Not every peacebuilding challenge is a data challenge, but all data choices are peacebuilding choices. In conflict environments, what information gets collected and from whom, what categories or labels are chosen, and who benefits from the insights are technical questions with power-laden answers. Artificial intelligence (AI) tools are increasingly available to help peacebuilding practitioners face data challenges, such as analyzing media coverage across languages, conducting public consultations, or understanding how divisive narratives spread. Some of these tools can help increase inclusion in mediation and peace processes. Others simply make more operational tasks easier and faster. The utility of many more is being tested with open fields for experimentation and learning. Whether AI tools advance peacebuilding depends less on the sophistication of the data or its handling than on the mindful choices practitioners make about its use.
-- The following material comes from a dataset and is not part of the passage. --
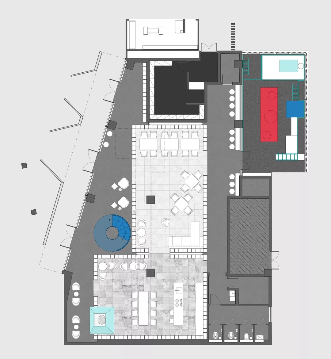 現(xiàn)場是個(gè)不規(guī)則的平面,如果排除未來可復(fù)制性,就著形狀設(shè)計(jì)并無不可,但這就缺乏了示范性意義。設(shè)計(jì)師按照客廳研究成果,在這個(gè)不規(guī)則平面最大極限設(shè)置了三個(gè)盒子,一個(gè)是功能性的,一個(gè)是社交性的,一個(gè)是女性的。如果把不規(guī)則的場地看成是一座城,這三個(gè)盒子就是內(nèi)城,而他們之間不規(guī)則的剩余空間可以自由定義的場所。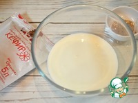 Сначала приготовим кефир. В чашу термоса засыпьте один пакетик закваски фирмы Орсик для приготовления кефира. |

AI tools are most useful when they are embedded within and supporting people-centered peacebuilding processes, not the other way around. Responsible AI discourse rightly emphasizes keeping “humans in the loop,” meaning that human input and judgement is integrated at key stages of a model’s workflow. An inversion of this principle, putting AI in the loop, is an invitation for peacebuilding practitioners to intentionally use AI (or not) as a constrained support tool within the processes, practices, and values known to be effective and ethical.
De-hype and Dig In
The effective use of AI in peacebuilding starts with clarity about needs over novelty, and specificity about how AI addresses them. For example
- We need to understand how online discourse is entrenching and escalating the conflict. We are using supervised text classification to analyze content inciting violence on social media.
- We need to monitor compliance with ceasefire commitments. We are using computer vision to flag potential violations in satellite imagery for human review.
- We need to make sense of a wide public input process. We are using pattern-detection tools to organize open-ended consultation responses so facilitators can engage with dominant concerns while still identifying outlier and minority views.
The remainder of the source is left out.